Рассказывать о сих старообрядцах Павел старался без сухого изложения известных ему обстоятельств. Он с азартом принимался за составление биографий, чего до него, думается, никто и не делал. Преследовал он и цель заинтересовать читателя данными историями, тем пробуждая нужду негативно относиться к религиозным течениям, отошедшим от официального православия. Сама по себе поповщина не кажется жизнеспособной, существующая при странных обстоятельствах, ведь считалось необходимым искать архиереев, при невозможности таковых возводить в сан самостоятельно. От этого и проистекали проблемы поповцев, особенно по прошествии полувека с момента раскола.

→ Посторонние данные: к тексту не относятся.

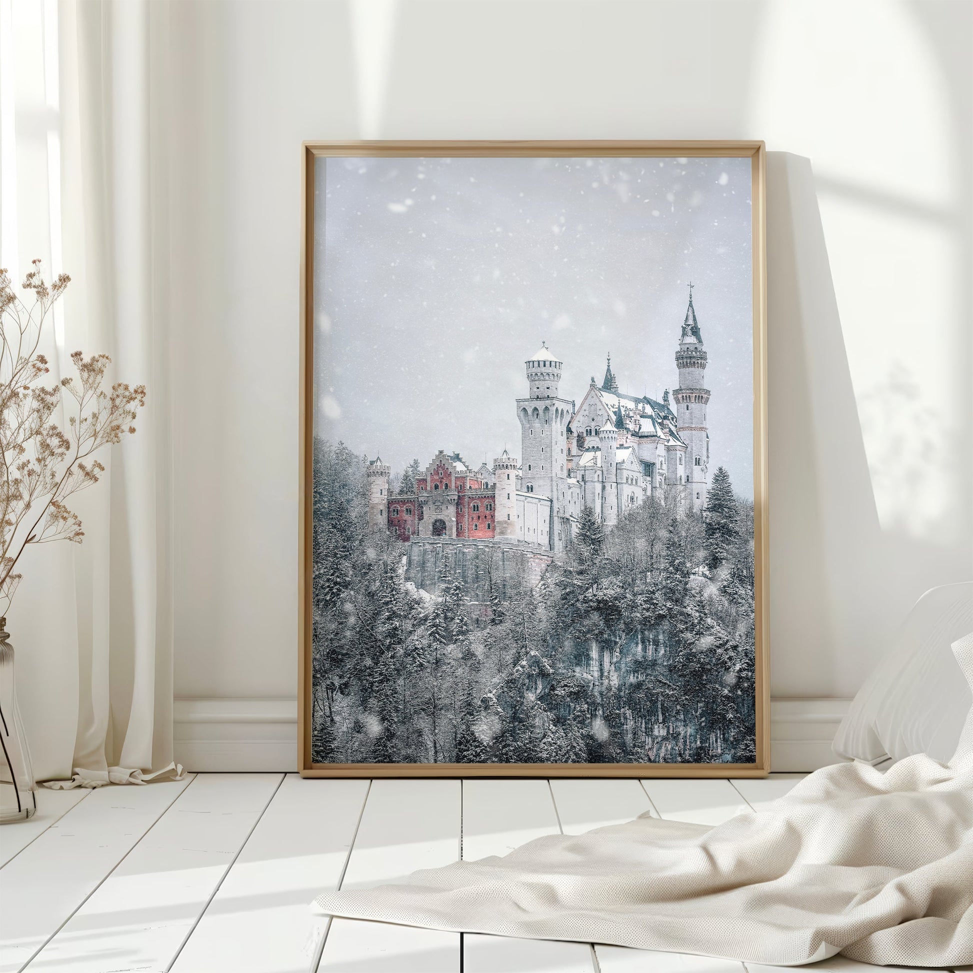 A dreamy winter view of Neuschwanstein Castle in Bavaria, Germany. Captured during snowfall, this fine art print brings fairytale charm to your space with its snowy peaks, red castle walls, and magical forest setting.

Читатель обратит внимание и на то обстоятельство, что стиль изложения Мельникова близок к беллетристике, единственно без диалогов внутри повествования. Павел превратил очерки про старообрядчество в увлекательное чтение. Но так допустимо говорить только о «житиях» Епифания, Афиногена и Анфима. К такому же изложению Мельников ещё вернётся, когда потребуется описывать других старообрядцев.